My family was amused by my growing circle of virtual friends.  As I shared this and that about their lives, my kids got this little, "Oh isn't Mama cute," look on their faces and my husband smiled at me indulgently as he often does.  But I've come to realize these women are no different than the penpals that people used to have in bygone days.

My virtual friends are slowly becoming real friends.  We share our concerns and pray for each other.  We keep up with the events in each others lives and grow concerned when we don't hear from each other for a while.  If that's not real friendship, what is?
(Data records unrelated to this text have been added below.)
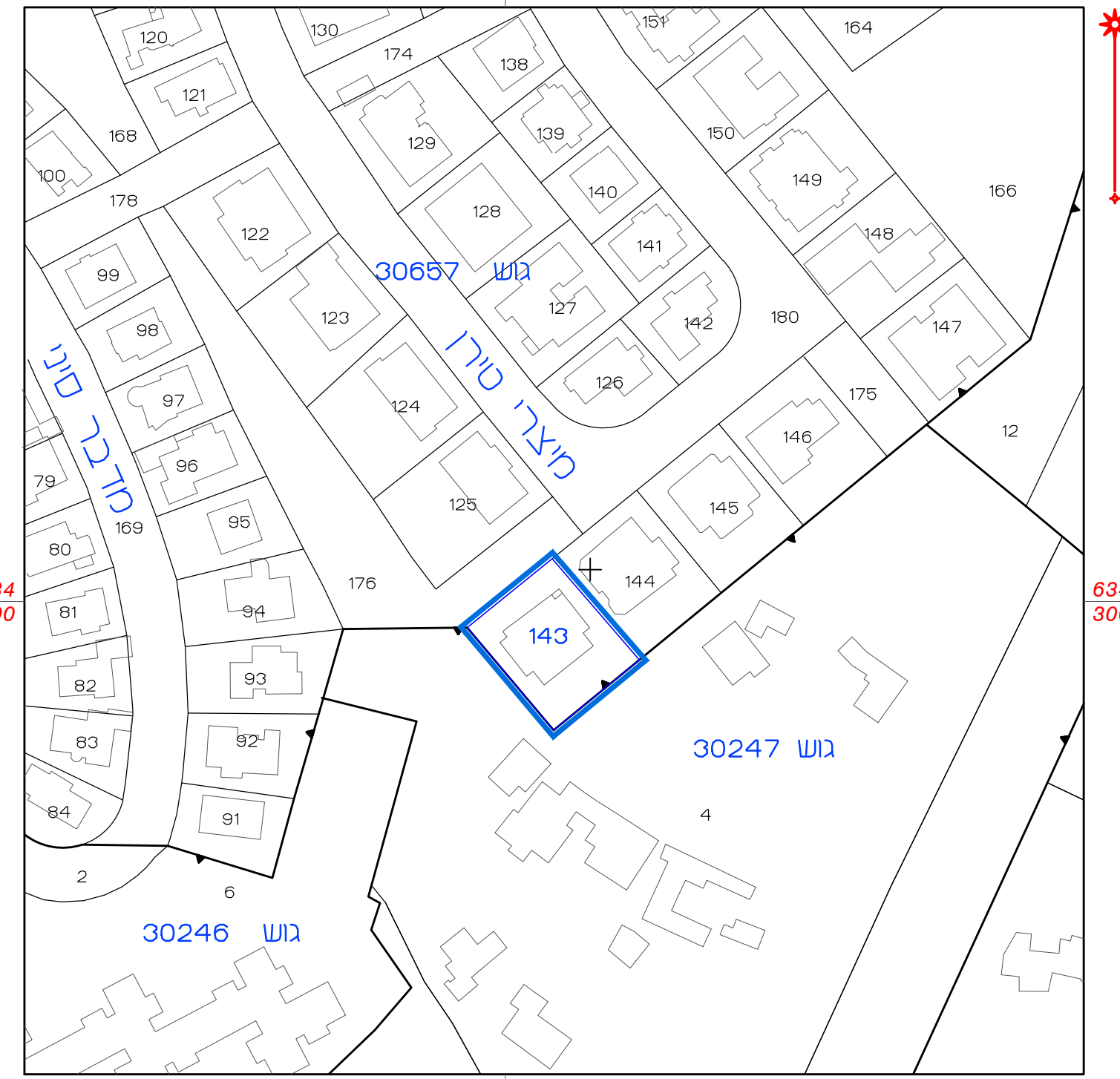
תרשים סביבה קרובה קנ"מ 1:250
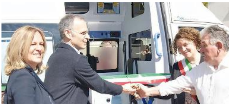
Un momento della cerimonia che si è tenuta al Soccorso Pubblico
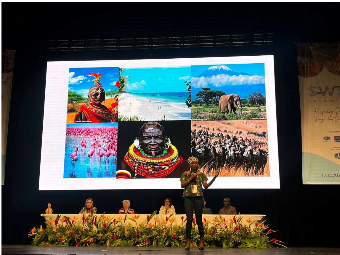
圖10：2026年 SWSW 全球會議在肯亞影片在閉幕式放映，並提出下次會議邀請。
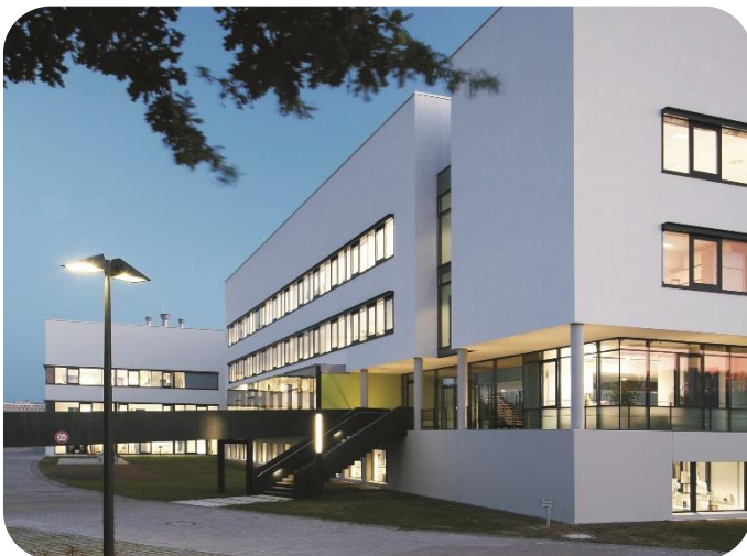
Unser Standort in Münster
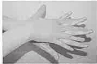
2. 手の甲を伸ばすように洗う
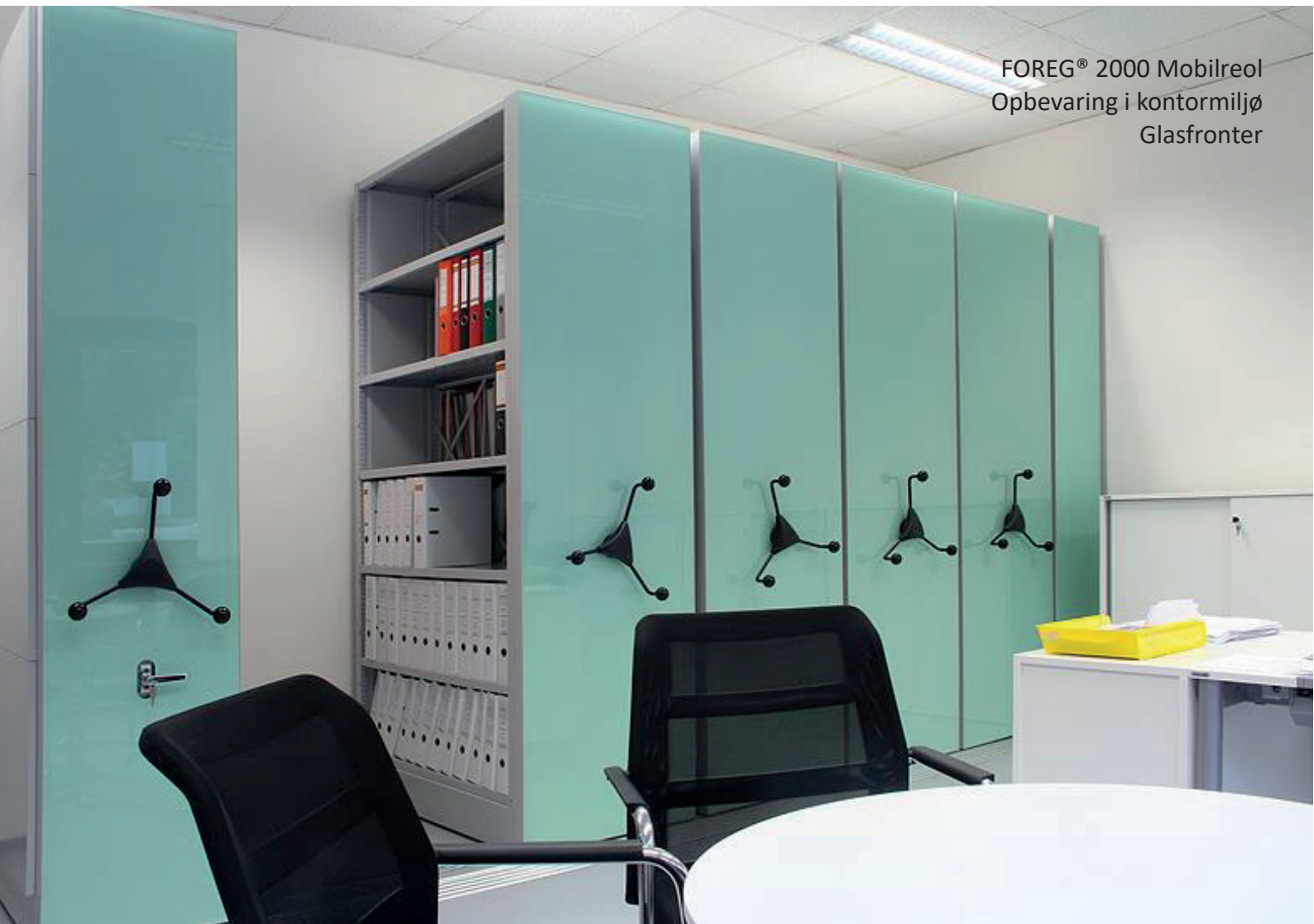
FOREG® 2000 Mobilreol Opbevaring i kontormiljø Glasfronter
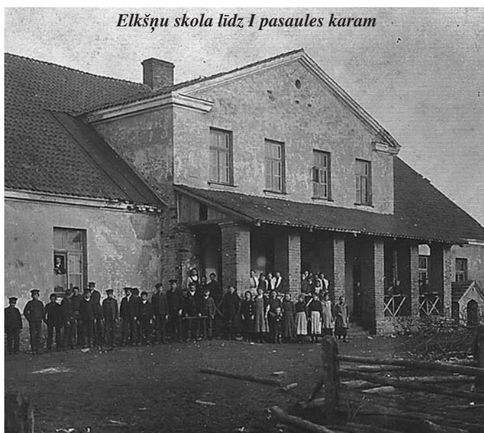
Elkšņu skola līdz I pasaules karam

What do you think about virtual friends.  Are they as real as real friends?

Image source

14 comments:

  1. QUITE interesting, in that, I was speaking about this very thing to 2 different Local Friends the past 2 days, My Dear Virtual Friend! ;-} I was sooooo apprehensive about beginning the Cyberspace/blogging 'learning curve' with Tanya at Blogelina - and through that I found You, Katie, Meredith and Ashley - and then on to Others that You All have introduced me to!! My 'tiny, empty world' Here has expanded and I've learned soooo much these past months! Thank You - All of You! (BTW - I've contacted several bloggers from the eMail You had sent me on Sat. - TY! - Just have been BUZZY with the 2 Events I'm working on for the 11th/12th and haven't written You...)
    Huggggzzz - ;-}
    (P.S. - Cute photo!)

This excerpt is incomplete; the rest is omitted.